Он, правда, быстро брал себя в руки, он говорил себе: она ведь моя единственная, абсолютное исключение. И может быть именно потому ей одной стоит покаяться за всех остальных. Чтобы все исправилось.

Страшное желание быстро, словно по волшебству, обращалось в удвоенное и заботливое внимание к ней. Теперь ясность чувств снова затуманилась, он словно бы слышал, как в нем что-то шуршит, ощущал движение воздушной струи, все распалось и превратилось в серую, колышущуюся, разноцветную массу, которая напоминала ему — однажды он видел эту картинку перед собой очень отчетливо — кучу макулатуры, которая медленно исчезала в дробильной машине на складе его отца.

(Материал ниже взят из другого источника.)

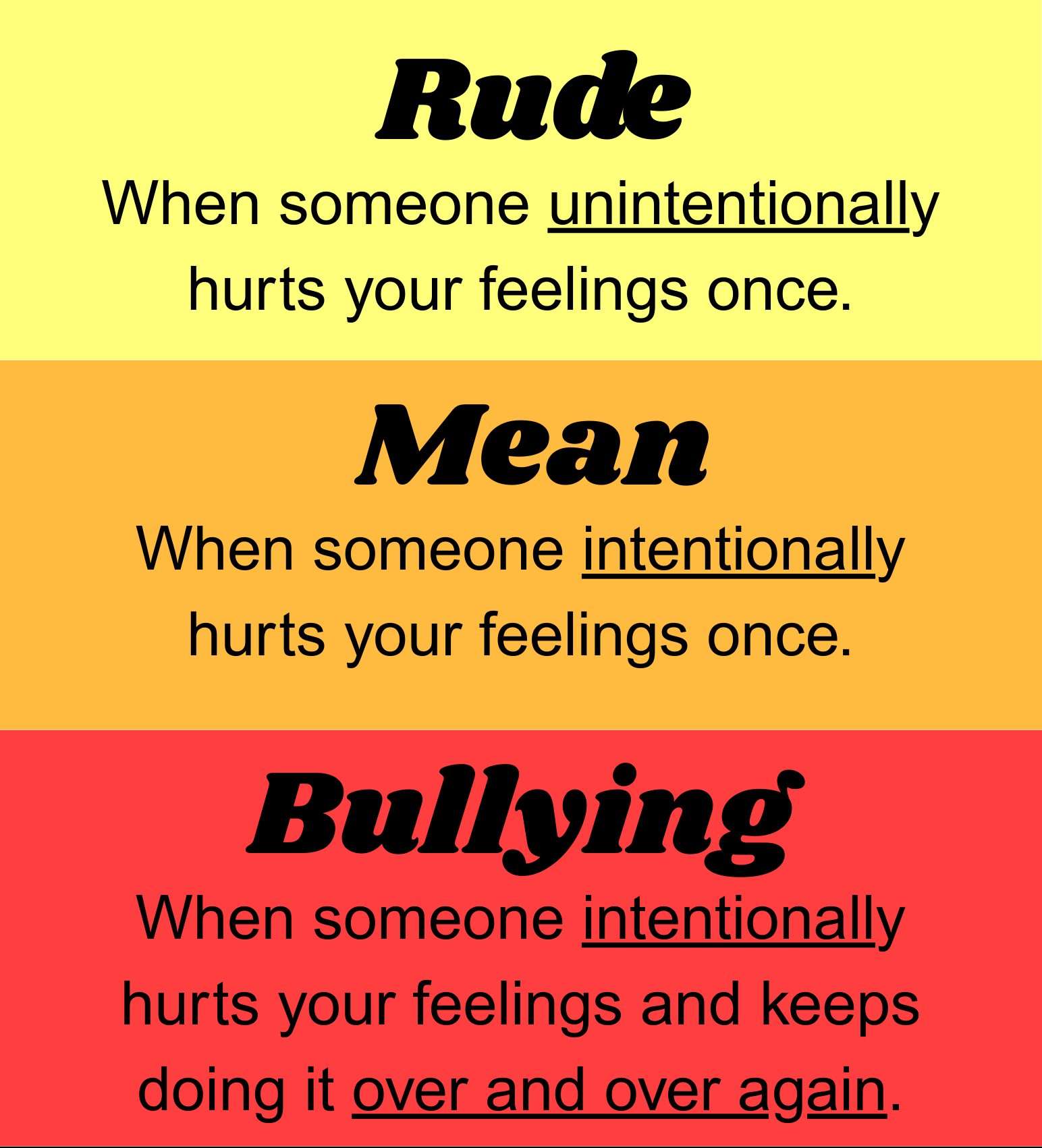 - The difference between being Rude, Mean, and Bullying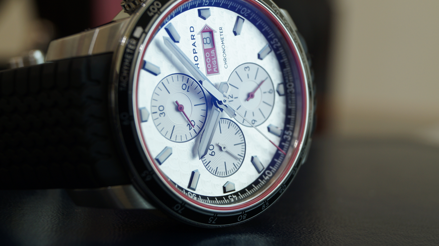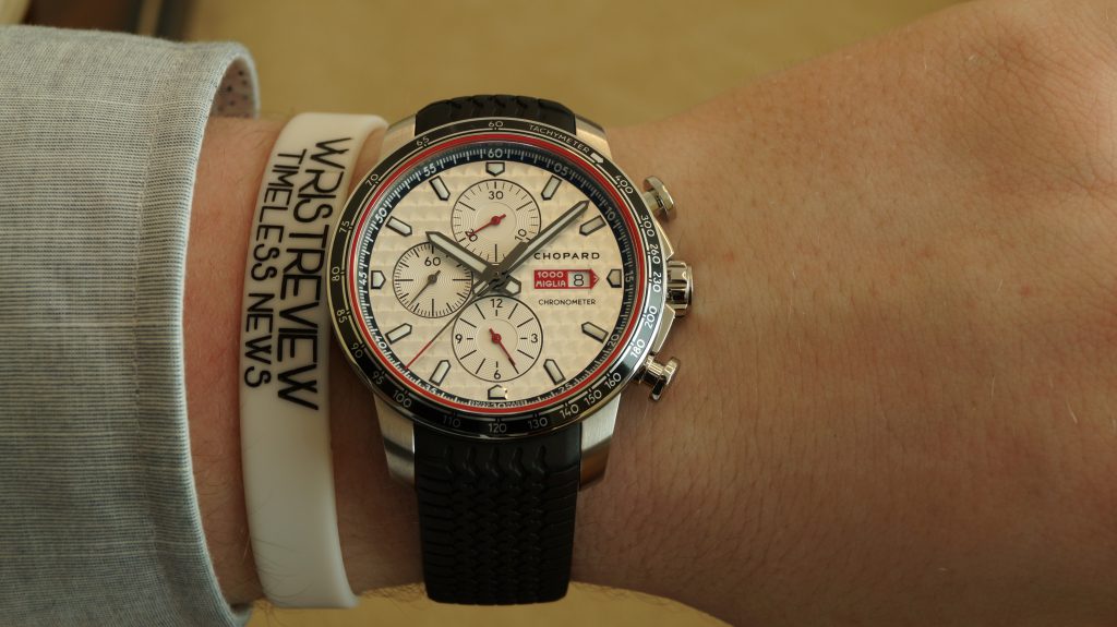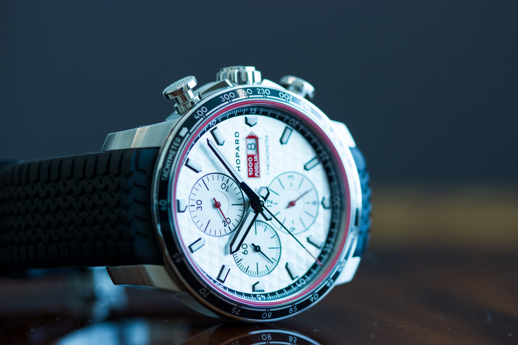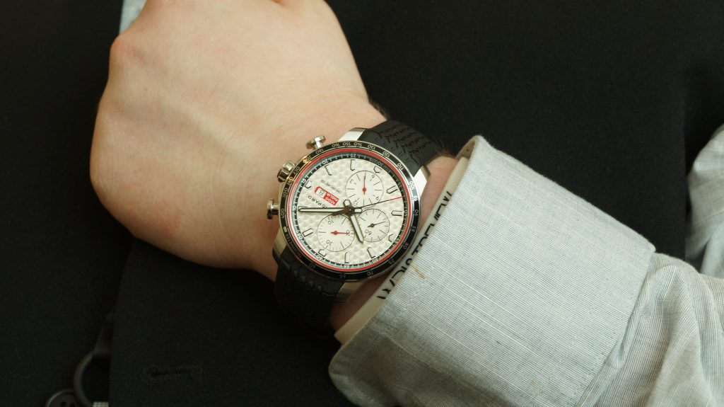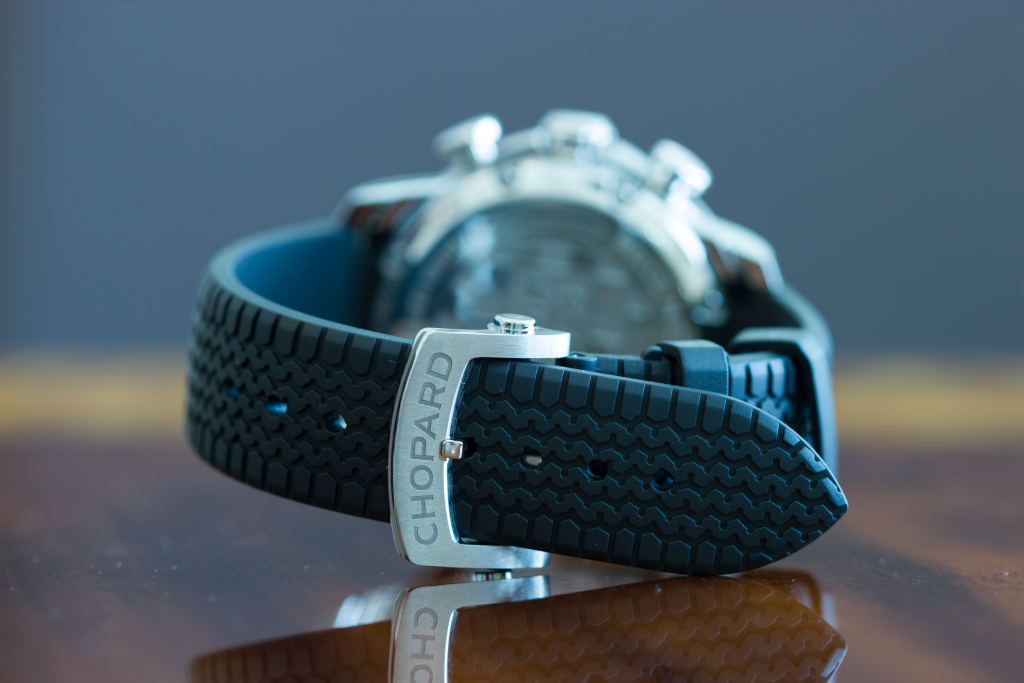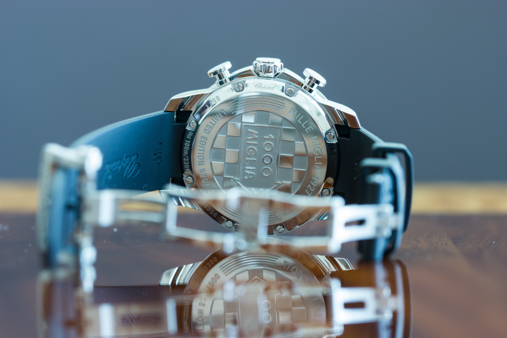 The movement isn’t visible, however, it’s been hidden behind a decorated caseback inscribed with the Mille Miglia logo and chequered race flags to give it a sportier feel. The movement inside the watch is not an ETA based one you’ll be glad to hear, what would otherwise be a deal breaker for some. Yes, the rumours are true that Chopard is doing all it can to take all of its watches away from outsourced movements and this can only increase people’s opinion of the company. Each ‘engine’ has been tested by COSC to ensure a chronometer level of accuracy, without the chronograph running the movement will run for 48 hours. Being family run and independent, these sort of things matter more to Mr. and Mrs. Sheufele than big corporations like Swatch and Richemont.

«Почему я остался здесь, в Вене?»


— Ты не сын Лейтомерицкого. Лейтомерицкий — не твой отец! — сказала Виктория Альфреду. И Альфред, уже не раз представлявший себе эту или подобную фразу — он словно бы и слышал уже не раз эти слова, — приложил усилия, чтобы не выказать удивление, однако вопреки его воле глаза его широко раскрылись; он взял себя в руки, ради мамы, как он себе сказал. Мама сидела у окна, комкая в руке носовой платок и уставив в пустоту хмурый взгляд, не смотря в сторону Альфреда. Вот она подняла голову и, как делала это не раз, уставилась, не отрываясь, в окно на Ратушную площадь.

— Однажды, ранней весной, примерно в ту же пору, что и сейчас, я была в деревне и загляделась в воду деревенского пруда. И — как я изумилась, что там, в темной его воде, кишмя кишели разные живые существа, и большие, и совсем маленькие! Они плавали в темной воде, одни туда, другие сюда. Как люди, там, внизу, на Ратушной площади, что залита сейчас солнечным светом.

Альфред знал, что мама — он тем временем уже привык так называть тетю Викторию, — что она уже давно отошла от дел и ко всему относилась равнодушно. Хотя и произносила порой: «Лишь тот, кто усерден, заслуживает право существовать в этом мире», — хотя от нее такое или что-то подобное можно было услышать, все же в действительности она дошла до такого состояния, что даже умываться и одеваться ей было мучительно. Нередко он неделями видел ее в одном и том же платье. Немытые жирные волосы, давно не стриженные. Лицо ее — каким прекрасным и привлекательным предстало оно перед ним когда-то! — стало мучнистым и расплывшимся, под глазами, в которых время от времени все же вспыхивали искорки, но искорки лишь гнева и раздражения, висели мешки, и когда-то мягкий и округлый подбородок заострился и торчал теперь, как у ведьмы.